Mit etwas Glück könnten die Aachener dann noch vor Braunschweig den ersten rein elektrisch betriebenen, oberleitungsfreien 18-m-Gelenkbus auf Europas Straßen bringen. Doch Eßer bleibt Realist. Ein Durchbruch für die Flottenstrategie der Verkehrsbetriebe sei der E-Bus nicht. „Da müssen die Anschaffungskosten, die Ökologie und der Komfort besser werden“, stellt der Manager klar. Eine Erfahrung, die auch schon der Verkehrsverbund Rhein-Ruhr (VRR) als geförderte „Modellregion“ im Zuge eines Feldversuchs mit 70 Hybridbussen machen musste. Für die eigene Busflotte werde man daher künftig v.a. auf Dieselbusse setzen, die die Euro-VI-Norm erfüllen, so Eßer. Rund 700 000 € hat das Unternehmen in die Umrüstung des Busses gesteckt. Im Vergleich: Ein herkömmlicher Dieselstadtbus kostet rund 300 000 €. „Wir wollen heute Wissen in der Elektromobilität aufbauen“, sagt Eßer.

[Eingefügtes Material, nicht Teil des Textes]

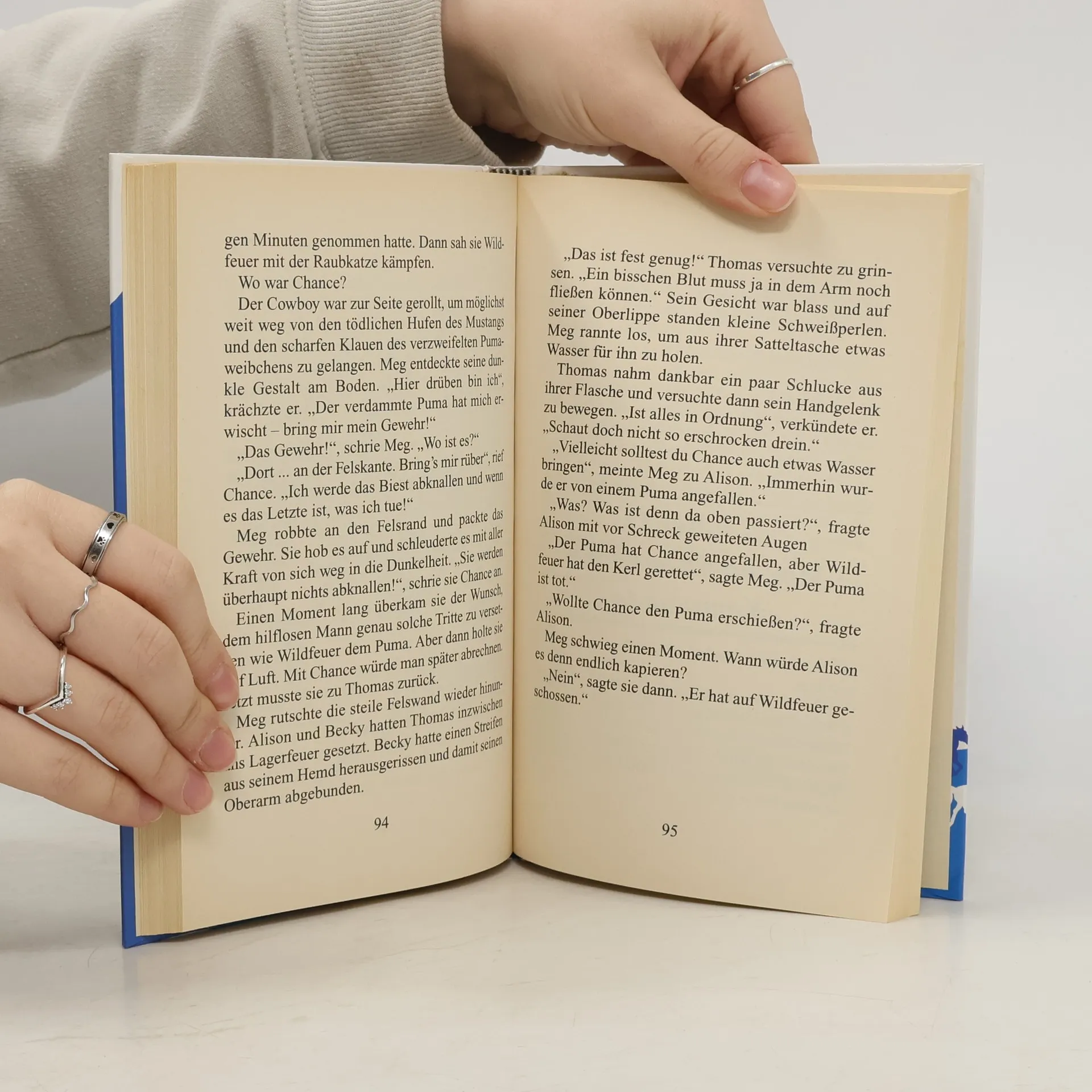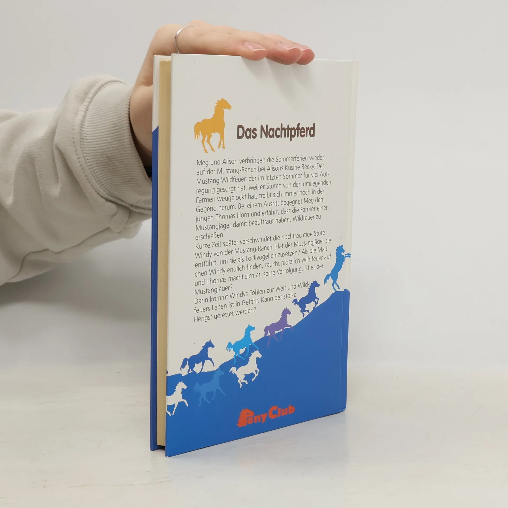 Meg und Alison verbringen die Sommerferien wieder auf der Mustang-Ranch bei Alisons Kusine Becky. Der Mustang Wildfeuer, der im letzten Sommer für viel Aufregung gesorgt hat, weil er Stuten von den umliegenden Farmen weggelockt hat, treibt sich immer noch in der Gegend herum. Bei einem Ausritt begegnet Meg dem jungen Thomas Horn und erfährt, dass die Farmer einen Mustangjäger damit beauftragt haben, Wildfeuer zu erschießen. Kurze Zeit später verschwindet die hochträchtige Stute Windy von der Mustang-Ranch. Hat der Mustangjäger sie entführt, um sie als Lockvogel einzusetzen? Als die Mädchen Windy endlich finden, taucht plötzlich Wildfeuer auf und Thomas macht sich an seine Verfolgung. Ist er der Mustangjäger? Dann kommt Windys Fohlen zur Welt und Wildfeuers Leben ist in Gefahr. Kann der stolze Hengst gerettet werden?

Eckhard Schläfke, der den Aachenern kürzlich das E-Bus Konzept aus Münster vorstellte, geht noch einen Schritt weiter. „Wir erleben gerade einen Systemwechsel“, urteilt der Betriebsleiter Verkehrsbetrieb der Stadtwerke Münster. Um in Wohngebieten attraktiv zu bleiben, müssten Busse in Zukunft leiser werden. Der ÖPNV müsse sich generell „grün aufstellen“, so Schläfke. „Dann sind wir auch für junge Leute sexy.“

Die Münsteraner wollen diesen Herbst einen 12-m-Bus des niederländischen Herstellers VDL mit elektrischen Radnabenmotoren von Ziehl-Abegg, deren Konstruktionsprinzip an anderer Stelle bereits vorgestellt wurde (s. Ausgabe 43/2013), in den Betrieb schicken. 2015 sollen vier weitere E-Busse folgen. Die Schnellladung ist an den Endhaltestellen vorgesehen. Geladen wird konduktiv. „Das ist eine bewährte Stromübertragungsmethode“, so Schläfke.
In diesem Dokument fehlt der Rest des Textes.